All of lore.kernel.org
 help / color / mirror / Atom feed
From: Son Luong Ngoc <sluongng@gmail.com>
To: Derrick Stolee via GitGitGadget <gitgitgadget@gmail.com>
Cc: git <git@vger.kernel.org>,
	sandals@crustytoothpaste.net, steadmon@google.com,
	jrnieder@gmail.com, Jeff King <peff@peff.net>,
	congdanhqx@gmail.com, phillip.wood123@gmail.com,
	Emily Shaffer <emilyshaffer@google.com>,
	Jonathan Tan <jonathantanmy@google.com>,
	Derrick Stolee <derrickstolee@github.com>,
	Derrick Stolee <dstolee@microsoft.com>
Subject: Re: [PATCH 8/9] maintenance: auto-size incremental-repack batch
Date: Thu, 6 Aug 2020 19:02:30 +0200	[thread overview]
Message-ID: <6FA8F54A-C92D-497B-895F-AC6E8287AACD@gmail.com> (raw)
In-Reply-To: <c3487fb8e3e72949080f51f341655f37b5f2f03f.1596731425.git.gitgitgadget@gmail.com>

Hi Derrick,

> On Aug 6, 2020, at 18:30, Derrick Stolee via GitGitGadget <gitgitgadget@gmail.com> wrote:
> 
> From: Derrick Stolee <dstolee@microsoft.com>
> 
> When repacking during the 'incremental-repack' task, we use the
> --batch-size option in 'git multi-pack-index repack'. The initial setting
> used --batch-size=0 to repack everything into a single pack-file. This is
> not sustainable for a large repository. The amount of work required is
> also likely to use too many system resources for a background job.
> 
> Update the 'incremental-repack' task by dynamically computing a
> --batch-size option based on the current pack-file structure.
> 
> The dynamic default size is computed with this idea in mind for a client
> repository that was cloned from a very large remote: there is likely one
> "big" pack-file that was created at clone time. Thus, do not try
> repacking it as it is likely packed efficiently by the server.
> 
> Instead, we select the second-largest pack-file, and create a batch size
> that is one larger than that pack-file.
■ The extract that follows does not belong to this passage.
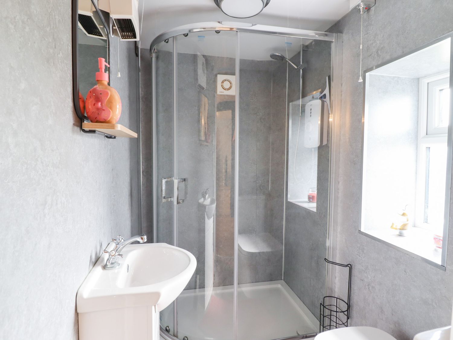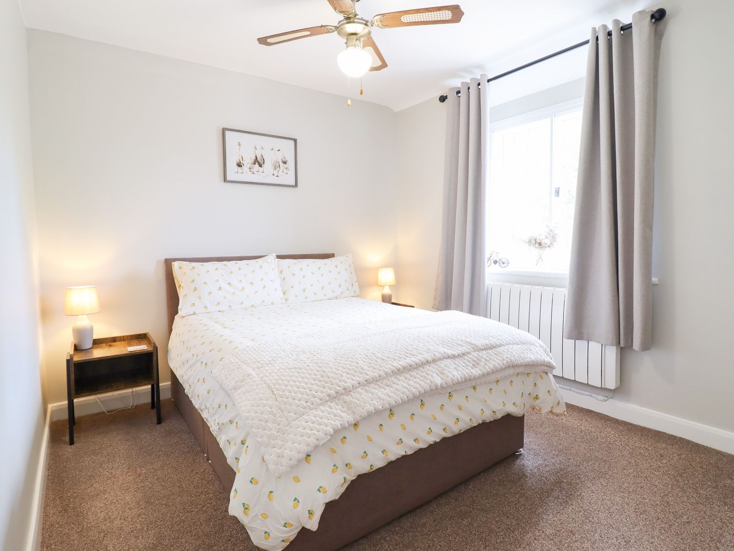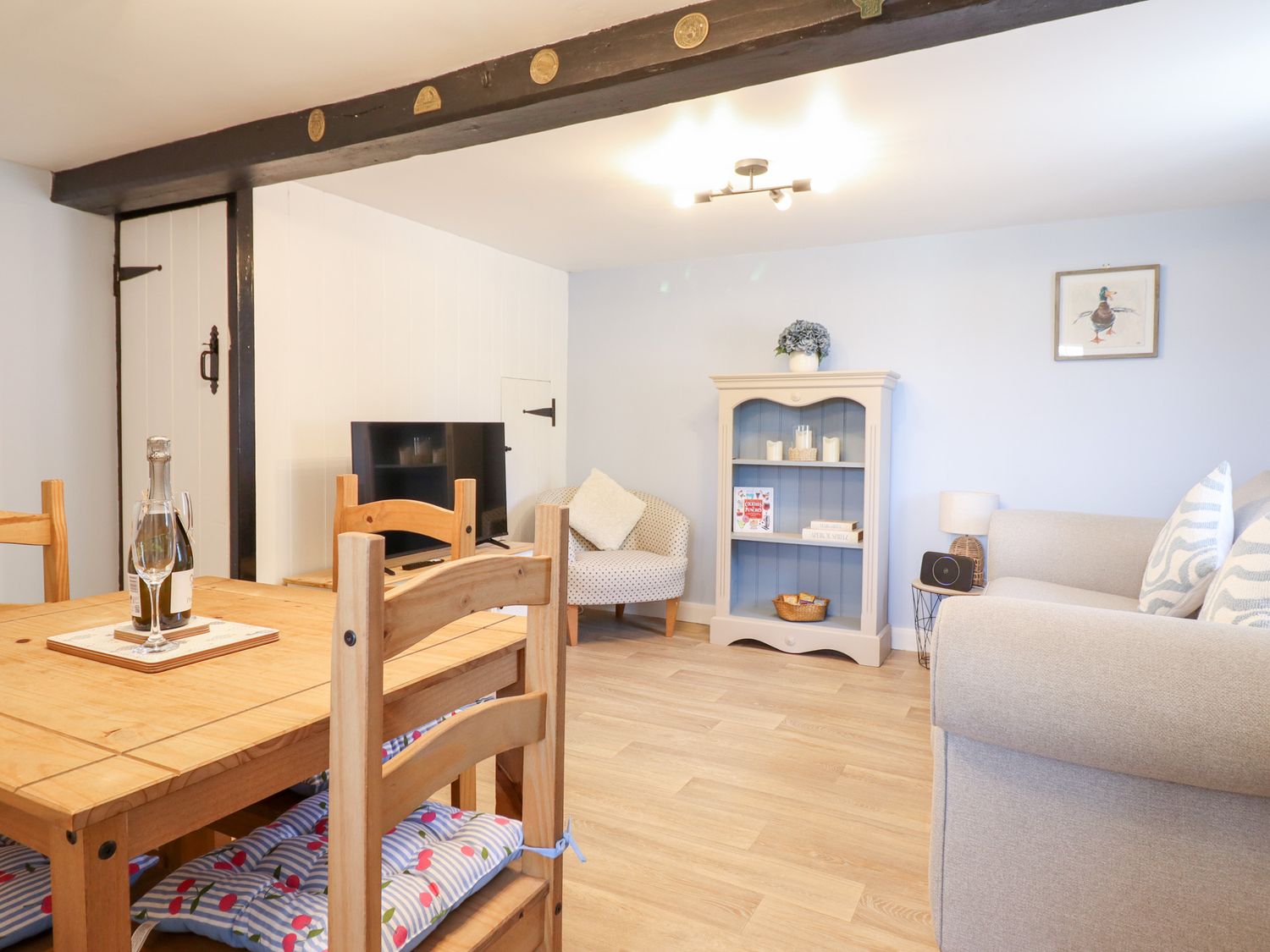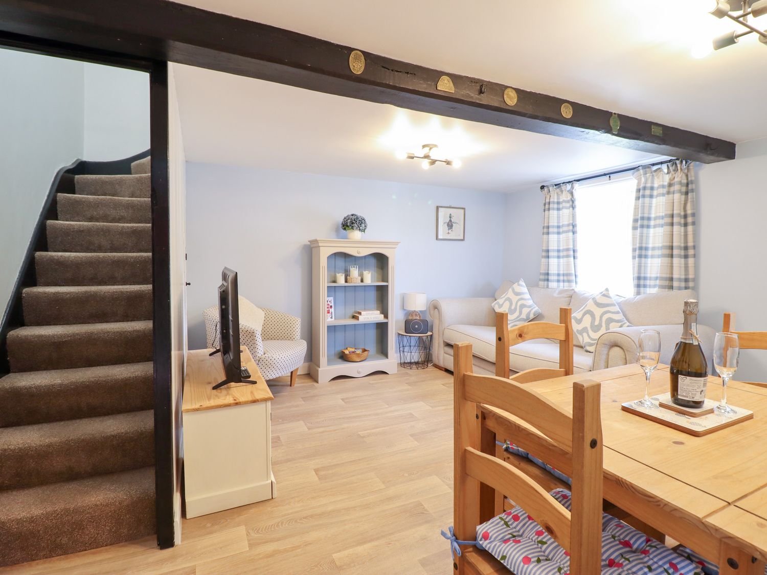"Two bedrooms: 1 x king-size, 1 x twin. Ground-floor shower room with walk-in shower, basin, and WC. Open-plan living space with kitchen, dining area and sitting area "

If there are three or more
> pack-files, then this guarantees that at least two will be combined into
> a new pack-file.

I have been using this strategy with git-care.sh [1] with large success.
However it worth to note that there are still edge case where I observed that
pack count keep increasing because using '--batch-size=<second-biggest-pack>+1'
did not resulted in any repacking.
In one case, I have observed a local copy went up to 160+ packs without being able
to repack.

I have been considering whether a strategy such as falling back to the '(3rd biggest
pack size) + 1' and 4th and 5th and so on... when midx repack call resulted in no-op,
as that was how I fixed my repo when the edge case happen.
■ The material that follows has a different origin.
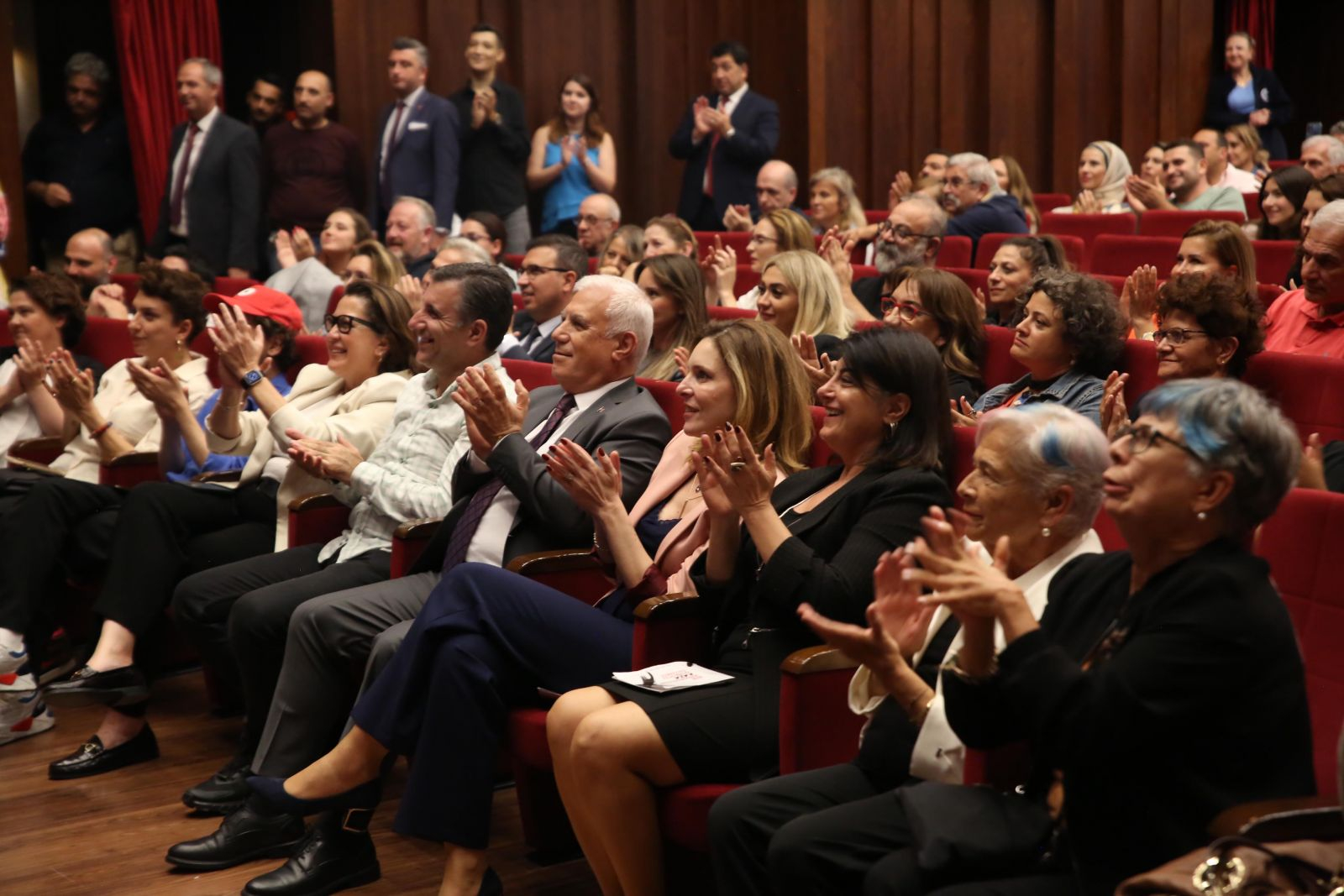 Tiyatrocuların, performanslarıyla sahnede adeta devleştiği oyunu beğeniyle izleyen Bursa Büyükşehir Belediye Başkanı Mustafa Bozbey, oyunun sonunda sahneye çıkarak tiyatrocuları tebrik etti. Bursa Şehir Tiyatrosu’nun kurucusu Feyha Çelenk, yönetmen Murat Karasu ve Bursa Şehir Tiyatrosu Genel Sanat Yönetmeni Ali Düşenkalkar ile birlikte sahneye çıkan Başkan Mustafa Bozbey, Feyha Çelenk’in izinden çalışmalarını sürdüreceklerini söyledi. Şehir Tiyatrosu’nda bugüne kadar emeği geçen herkesi kutlayan Başkan Bozbey, “Harika bir oyun izledik. Emeği geçenlere teşekkür ediyorum. Ali Düşenkalkar ile bundan sonra çok güzel işlere imza atacağız. Tiyatroyu, 17 ilçemize de taşıyacağız. Tüm halkımızla tiyatroyu buluşturacağız” dedi.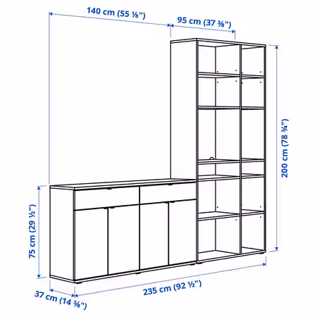 ВНИМАНИЕ! Не вешайте каркас ПЛАТСА глубиной 55 см на стену. Его следует ставить на пол или на другой стоящий на полу каркас.

Such strategy would require a way to detect midx repack to signal when no-op happen,
so something like 'git multi-pack-index repack --batch-size=123456 --exit-code' would
be much desirable.

> 
> Of course, this means that the second-largest pack-file size is likely
> to grow over time and may eventually surpass the initially-cloned
> pack-file. Recall that the pack-file batch is selected in a greedy
> manner: the packs are considered from oldest to newest and are selected
> if they have size smaller than the batch size until the total selected
> size is larger than the batch size. Thus, that oldest "clone" pack will
> be first to repack after the new data creates a pack larger than that.
> 
> We also want to place some limits on how large these pack-files become,
> in order to bound the amount of time spent repacking. A maximum
> batch-size of two gigabytes means that large repositories will never be
> packed into a single pack-file using this job, but also that repack is
> rather expensive. This is a trade-off that is valuable to have if the
> maintenance is being run automatically or in the background. Users who
> truly want to optimize for space and performance (and are willing to pay
> the upfront cost of a full repack) can use the 'gc' task to do so.
> 
> Create a test for this two gigabyte limit by creating an EXPENSIVE test
> that generates two pack-files of roughly 2.5 gigabytes in size, then
> performs an incremental repack. Check that the --batch-size argument in
> the subcommand uses the hard-coded maximum.
> 
> Helped-by: Chris Torek <chris.torek@gmail.com>
> Reported-by: Son Luong Ngoc <sluongng@gmail.com>
> Signed-off-by: Derrick Stolee <dstolee@microsoft.com>

Generally, I have found working with '--batch-size' to be a bit unpredictable.
I wonder if we could tweak the behavior somewhat so that its more consistent
to use and test?

Thanks a lot for making this happen.
Hope this patch would make it in stable soon

Cheers,
Son Luong.

[1]: https://github.com/sluongng/git-care

  reply	other threads:[~2020-08-06 17:09 UTC|newest]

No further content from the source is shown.